-- What is expected --
Write out, exactly and in full, the records given below, but not their pictures.

-------- Dataset --------

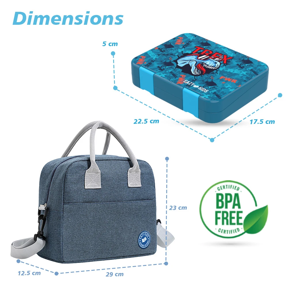 Eazy Kids 6 & 4 Convertible Bento Lunch Box with Lunch Bag and Sandwich Cutter Set - TREX Blue
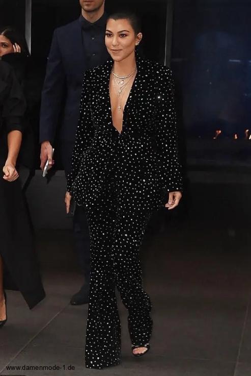 Street Power Outfit Women’s Pantsuit in Black with Glitter Pearls Sequins
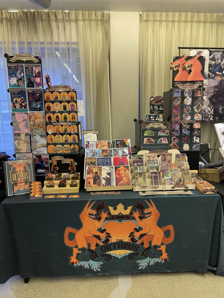 The Orthrus is a two headed dog duo from New Zealand with a love of the mythological, medieval and monstrous. Our merch work focuses on critters and creatures as well as honoring fandoms we love. We have been taking digital commissions for many years and love bringing our clients characters to life! We branched out into conventions in 2023 and never looked back.
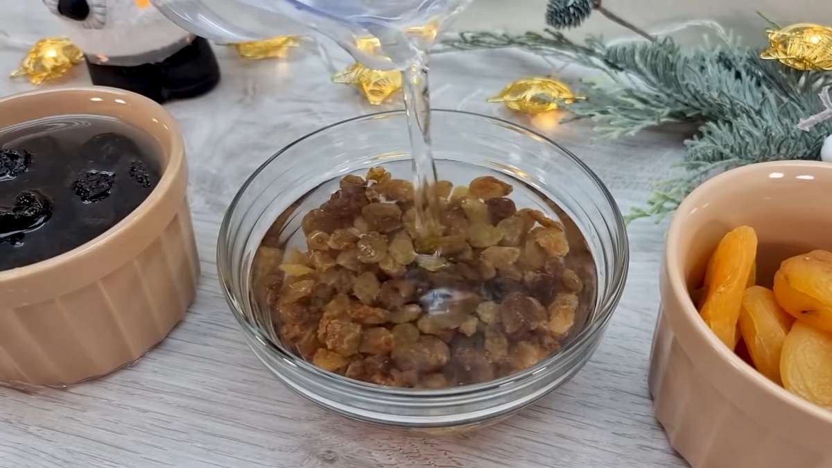 Suszone owoce zalać wodą. Orzeszki podsmażyć na suchej patelni, a następnie obrać.
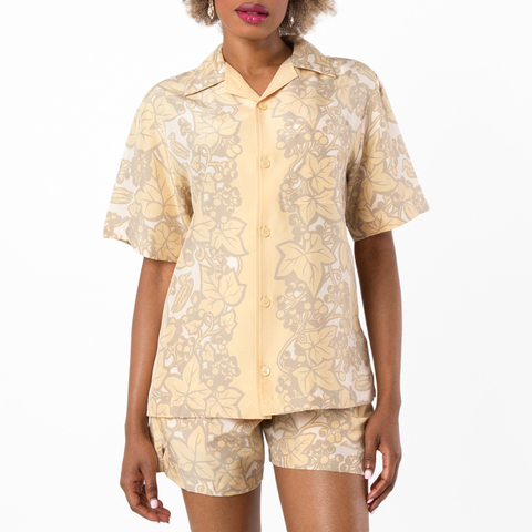 Burberry Ladies Tops. Fashion category: Shirts & Blouses. SKU: 8092509. Color: Flax Ip Pattern. Burberry Ivy Print Silk Pyjama Shirt. Crafted from Italian-woven silk poplin, this pyjama shirt features seasonal ivy and duck motifs throughout. Designed for a relaxed fit, it is styled with a revere collar, short sleeves, and a chest patch pocket. The look is completed with a button-front closure and a straight hem. 100% Silk. Made in Italy.
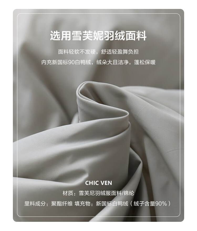 CHIC VEN 2025冬季新品90白鸭绒保暖三防立领短款羽绒服外套女chicven 黑色 M
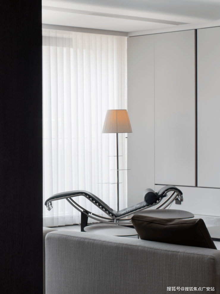 在靠近落地窗的绝佳位置,一把黑色躺椅静静伫立,午后暖阳毫无保留地倾洒而下,让这份独处时光变得格外温暖惬意。
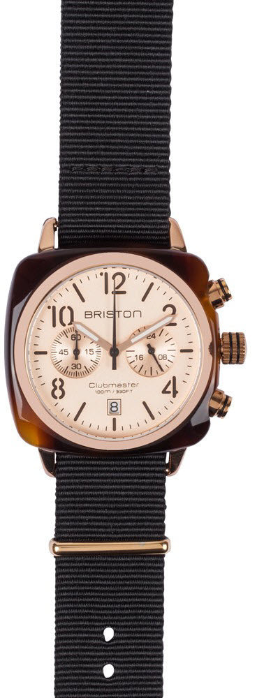 Briston Watch Clubmaster Classic Icons 14140.PRA.T.6.NB. It is this spirit, combined with its watchmaking DNA, that gives Briston watches its unique style. Working with innovative materials, such as cellulose acetate, and colours give Briston watches their distinctive look. Briston watches also offers the perfect balance between a contemporary timepiece and a chic accessory, casual but resolutely and thoroughly accessible.
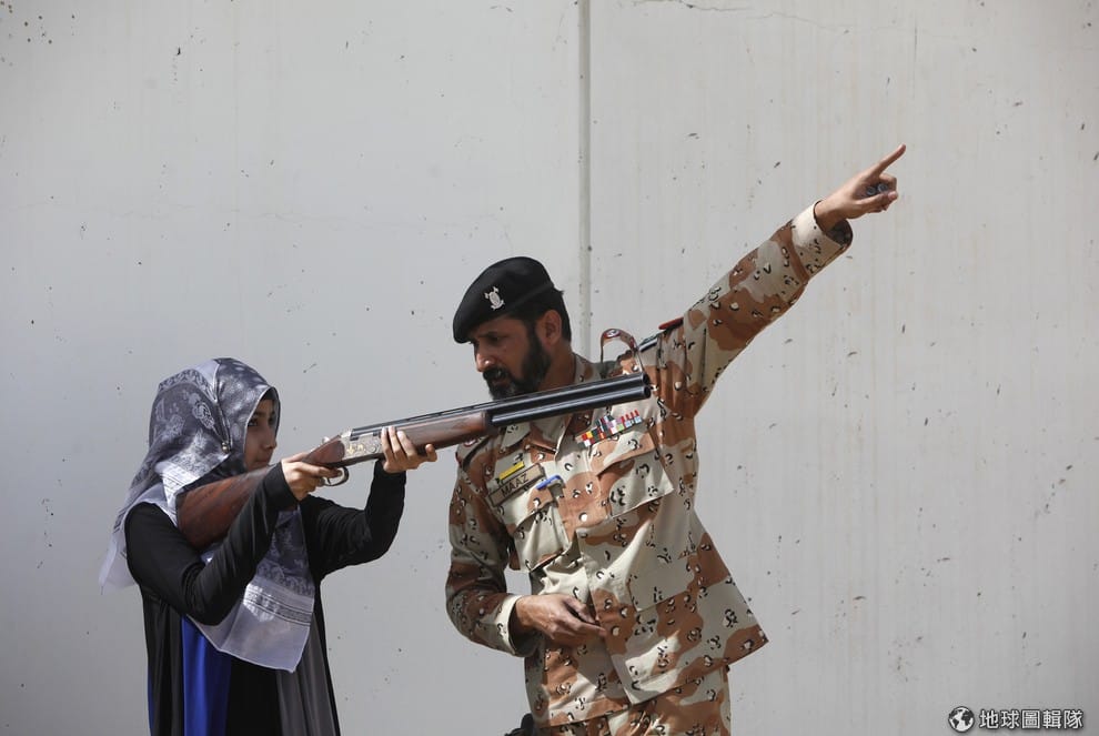 一名巴基斯坦巡邏部隊軍人正在指導一名女大生用槍。近日,超過 200名大學生造訪位於喀拉蚩外圍的巡邏部隊射擊和騎術俱樂部(Rangers Shooting & Saddle Club, RSSC),觀看反恐培訓示範。
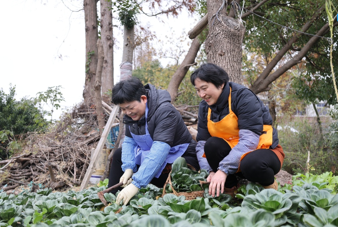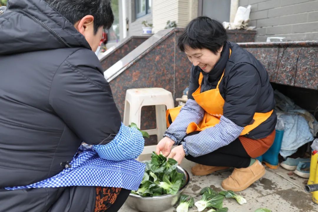 走进顾美林家后院的小菜园里,一片绿油油的矮脚青映入眼帘,层层叠叠铺满地面。“霜降过后的青菜,口感更加清甜软糯,用来制作菜饭最适合了。”顾美林一边熟练地挑选着青菜,一边与好友范明娟谈起往事,“小时候家里条件有限,咸肉菜饭只有逢年过节才能吃上一回。现在随时能做,但心里更怀念的却是儿时记忆里的味道。”
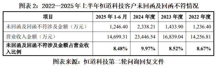 第一轮问询回复文件显示,报告期各期,中介机构对恒道科技客户发函数量的比例分别为31.69%、29.18%、19.07%、27.29%。其中,对销售额50万元以下客户发函数量比例分别为21.95%、19.30%、5.72%、17.80%。从数量上看,报告期各期,未收到函的客户数量分别为429家、483家、628家、437家,其中,销售额50万元以下客户未收到函的数量分别为427家、481家、626家、434家。
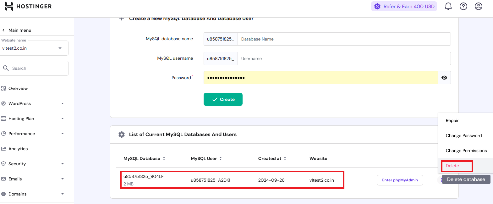 Navigate back to the dashboard, click on “Database,” and delete the previously created database.
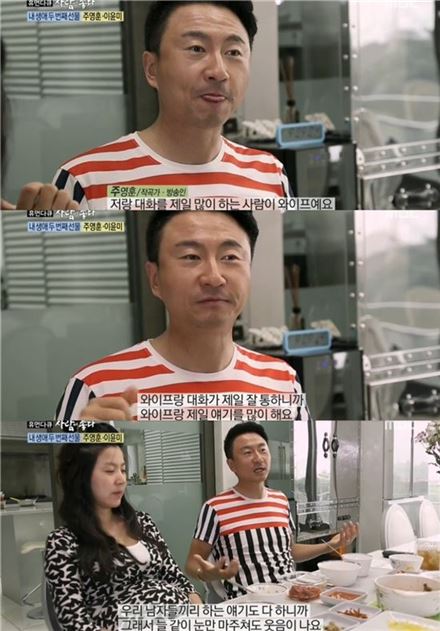 이날 주영훈은 "나랑 대화를 제일 많이 하는 사람은 아내(이윤미)다. 대화가 제일 잘 통하니까 이야기도 많이 한다. 밖에 있었던 이야기도 다 한다"고 말했다.
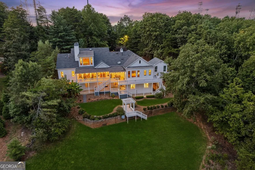Want to feel like you're vacationing all the time? Experience the luxury of mountain living in this newly renovated, custom designed Estate home located atop Sawnee Mountain in Forsyth County!Just a 30-minute drive to the Atlanta perimeter and 3 minutes to Cumming City Center! Soon-to-be-gated and no HOA! Nestled at an elevation of 3,850 feet on 1 acre of land. This home offers amazing views towards Atlanta and Stone Mountain. Expansive observation decks overlook the skyline with amazing views from each Bedroom. Everything has been recently renovated and so many upgrades throughout with meticulous attention to details. The main level has a bright kitchen with a breakfast area overlooking the Family Room with Fireplace. The Kitchen features a new gas cooktop, new microwave/oven wall unit &New dishwasher along with pull out drawers, you'll never go back. The Master Suite & Retreat on Main floor is perfect with new shower, new free-standing tub & quartz countertop +enlarged Master Walk-in closet. This level also has two ensuite guest rooms with updated bathrooms. The Guest Suite upstairs is ideal for company so much so they may not want to leave. Partially finished Terrace level could easily be an In-Law or Teen Suite with tons of storage in the unfinished space. So many possibilities for expanding the finished space here. You'll love the large laundry room & mud room coming in from the garage and the new epoxy floor covering the garage floors. New Roof, AC unit & Furnace replaced in 2022. New driveway too! New detached garage is perfect for storing your tools, motorcycles and more! Don't miss this once-in-a-lifetime opportunity to own a truly unique home atop Sawnee Mountain.
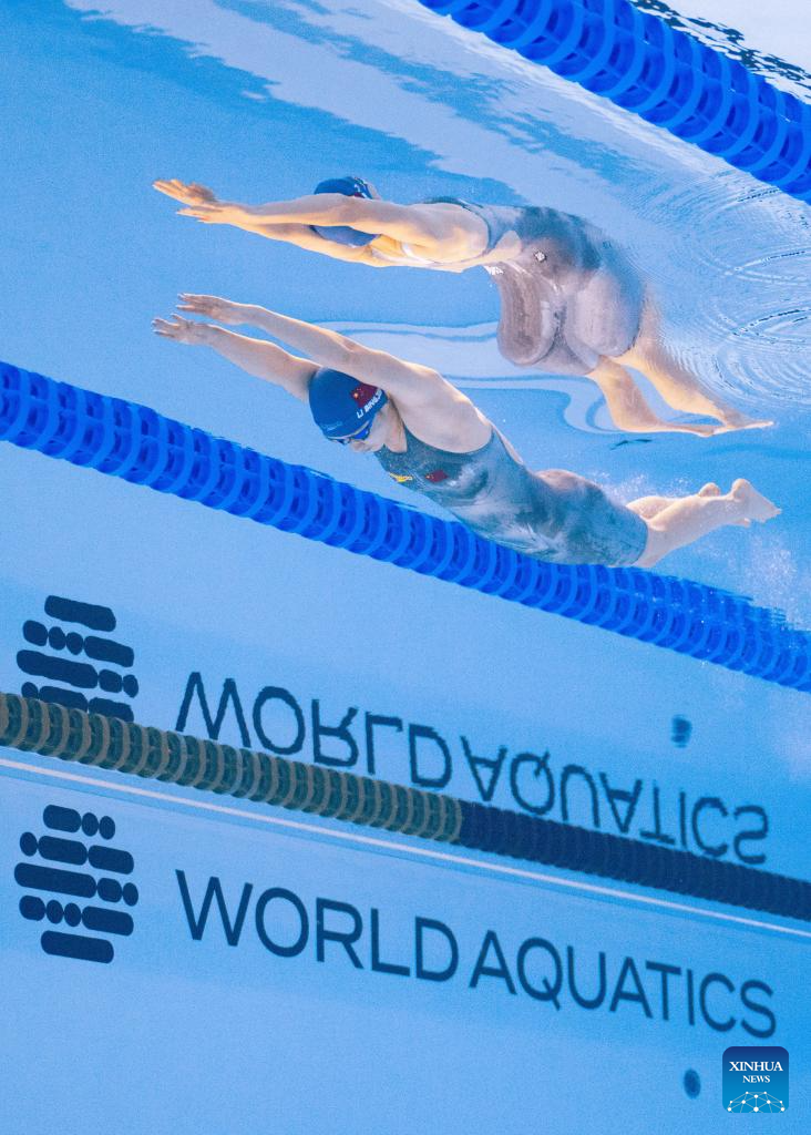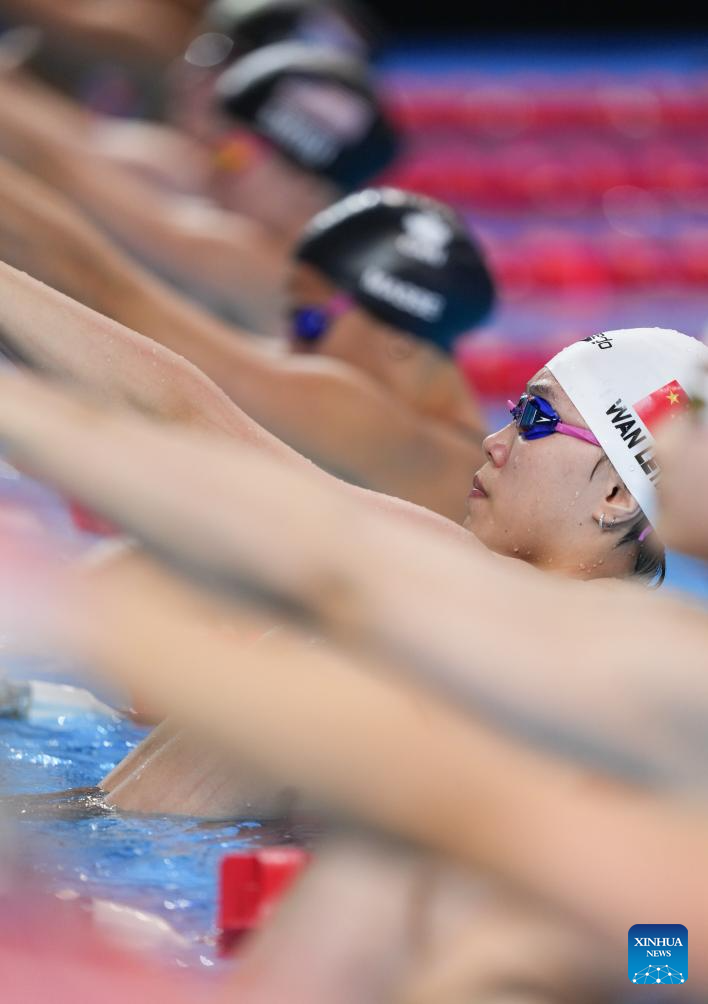 Wan Letian of China competes during the women's 50m backstroke semifinal of swimming at the World Aquatics Championships in Singapore, July 30, 2025. (Xinhua/Wu Zhizun)
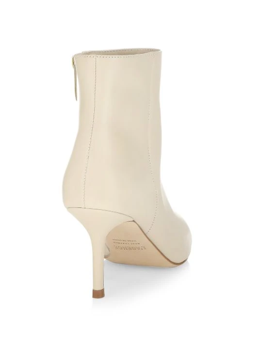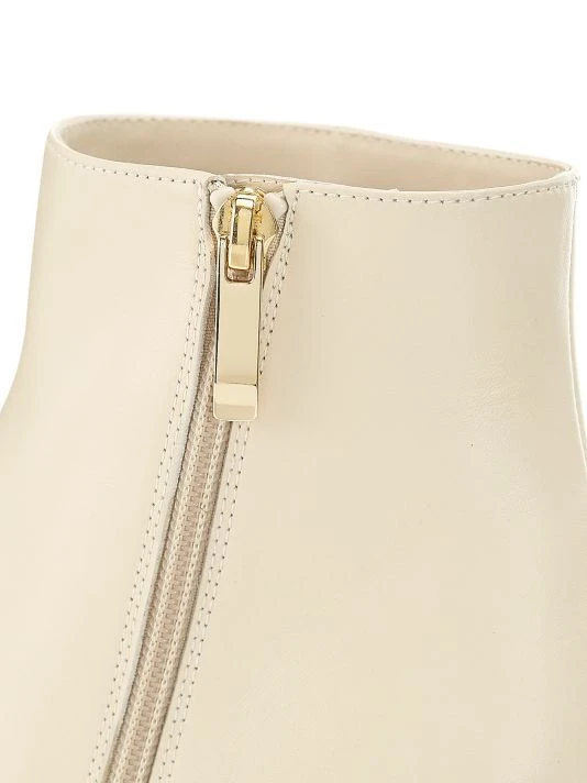 These glossy and supple leather boots are elevated with a contrasting metal heel.
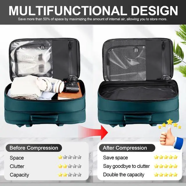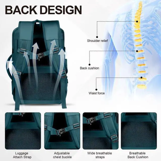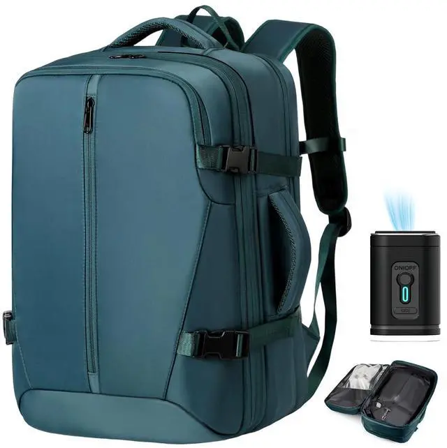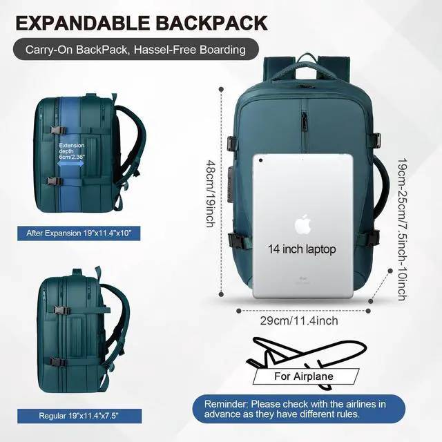 Carry-On Size & Expandable DesignThe daily size of vacuum travel backpack is 19 x 11.4 x 7.5 inch, the depth can be expanded to 10.5inch, which remains a CARRY-ON size to ensures hassle-free airline boarding and eliminates extra baggage fees. TSA approved combination lock keeps your belongings safe and secure
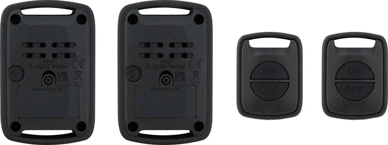 Lieferumfang:2 x ABUS Alarmbox RC2 x Fernbedienung ABUS Alarmbox RC4 x Batterie CR2 (integriert)4 x Kabelbinder
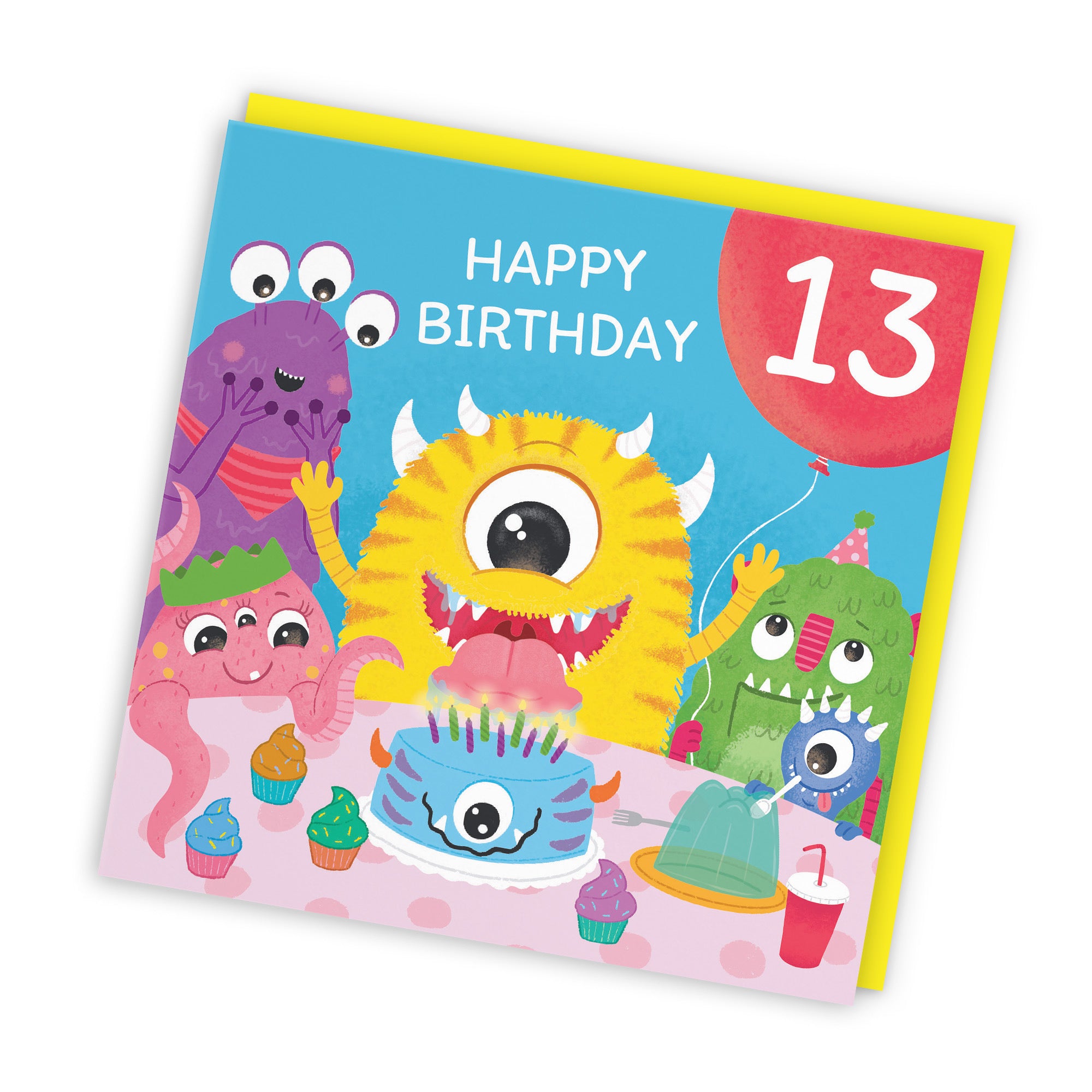 Hunts England - 13th Birthday Boys / Girls Monsters Party Card - Happy Birthday - 13 - Age 13 - Imagination Collection.

--------

-- Result of the task --
 Eazy Kids 6 & 4 Convertible Bento Lunch Box with Lunch Bag and Sandwich Cutter Set - TREX Blue
 Street Power Outfit Women’s Pantsuit in Black with Glitter Pearls Sequins
 The Orthrus is a two headed dog duo from New Zealand with a love of the mythological, medieval and monstrous. Our merch work focuses on critters and creatures as well as honoring fandoms we love. We have been taking digital commissions for many years and love bringing our clients characters to life! We branched out into conventions in 2023 and never looked back.
 Suszone owoce zalać wodą. Orzeszki podsmażyć na suchej patelni, a następnie obrać.
 Burberry Ladies Tops. Fashion category: Shirts & Blouses. SKU: 8092509. Color: Flax Ip Pattern. Burberry Ivy Print Silk Pyjama Shirt. Crafted from Italian-woven silk poplin, this pyjama shirt features seasonal ivy and duck motifs throughout. Designed for a relaxed fit, it is styled with a revere collar, short sleeves, and a chest patch pocket. The look is completed with a button-front closure and a straight hem. 100% Silk. Made in Italy.
 CHIC VEN 2025冬季新品90白鸭绒保暖三防立领短款羽绒服外套女chicven 黑色 M
 在靠近落地窗的绝佳位置,一把黑色躺椅静静伫立,午后暖阳毫无保留地倾洒而下,让这份独处时光变得格外温暖惬意。
 Briston Watch Clubmaster Classic Icons 14140.PRA.T.6.NB. It is this spirit, combined with its watchmaking DNA, that gives Briston watches its unique style. Working with innovative materials, such as cellulose acetate, and colours give Briston watches their distinctive look. Briston watches also offers the perfect balance between a contemporary timepiece and a chic accessory, casual but resolutely and thoroughly accessible.
 一名巴基斯坦巡邏部隊軍人正在指導一名女大生用槍。近日,超過 200名大學生造訪位於喀拉蚩外圍的巡邏部隊射擊和騎術俱樂部(Rangers Shooting & Saddle Club, RSSC),觀看反恐培訓示範。
 走进顾美林家后院的小菜园里,一片绿油油的矮脚青映入眼帘,层层叠叠铺满地面。“霜降过后的青菜,口感更加清甜软糯,用来制作菜饭最适合了。”顾美林一边熟练地挑选着青菜,一边与好友范明娟谈起往事,“小时候家里条件有限,咸肉菜饭只有逢年过节才能吃上一回。现在随时能做,但心里更怀念的却是儿时记忆里的味道。”
 第一轮问询回复文件显示,报告期各期,中介机构对恒道科技客户发函数量的比例分别为31.69%、29.18%、19.07%、27.29%。其中,对销售额50万元以下客户发函数量比例分别为21.95%、19.30%、5.72%、17.80%。从数量上看,报告期各期,未收到函的客户数量分别为429家、483家、628家、437家,其中,销售额50万元以下客户未收到函的数量分别为427家、481家、626家、434家。
 Navigate back to the dashboard, click on “Database,” and delete the previously created database.
 이날 주영훈은 "나랑 대화를 제일 많이 하는 사람은 아내(이윤미)다. 대화가 제일 잘 통하니까 이야기도 많이 한다. 밖에 있었던 이야기도 다 한다"고 말했다.
Want to feel like you're vacationing all the time? Experience the luxury of mountain living in this newly renovated, custom designed Estate home located atop Sawnee Mountain in Forsyth County!Just a 30-minute drive to the Atlanta perimeter and 3 minutes to Cumming City Center! Soon-to-be-gated and no HOA! Nestled at an elevation of 3,850 feet on 1 acre of land. This home offers amazing views towards Atlanta and Stone Mountain. Expansive observation decks overlook the skyline with amazing views from each Bedroom. Everything has been recently renovated and so many upgrades throughout with meticulous attention to details. The main level has a bright kitchen with a breakfast area overlooking the Family Room with Fireplace. The Kitchen features a new gas cooktop, new microwave/oven wall unit &New dishwasher along with pull out drawers, you'll never go back. The Master Suite & Retreat on Main floor is perfect with new shower, new free-standing tub & quartz countertop +enlarged Master Walk-in closet. This level also has two ensuite guest rooms with updated bathrooms. The Guest Suite upstairs is ideal for company so much so they may not want to leave. Partially finished Terrace level could easily be an In-Law or Teen Suite with tons of storage in the unfinished space. So many possibilities for expanding the finished space here. You'll love the large laundry room & mud room coming in from the garage and the new epoxy floor covering the garage floors. New Roof, AC unit & Furnace replaced in 2022. New driveway too! New detached garage is perfect for storing your tools, motorcycles and more! Don't miss this once-in-a-lifetime opportunity to own a truly unique home atop Sawnee Mountain.
 Wan Letian of China competes during the women's 50m backstroke semifinal of swimming at the World Aquatics Championships in Singapore, July 30, 2025. (Xinhua/Wu Zhizun)
 These glossy and supple leather boots are elevated with a contrasting metal heel.
 Carry-On Size & Expandable DesignThe daily size of vacuum travel backpack is 19 x 11.4 x 7.5 inch, the depth can be expanded to 10.5inch, which remains a CARRY-ON size to ensures hassle-free airline boarding and eliminates extra baggage fees. TSA approved combination lock keeps your belongings safe and secure
 Lieferumfang:2 x ABUS Alarmbox RC2 x Fernbedienung ABUS Alarmbox RC4 x Batterie CR2 (integriert)4 x Kabelbinder
 Hunts England - 13th Birthday Boys / Girls Monsters Party Card - Happy Birthday - 13 - Age 13 - Imagination Collection.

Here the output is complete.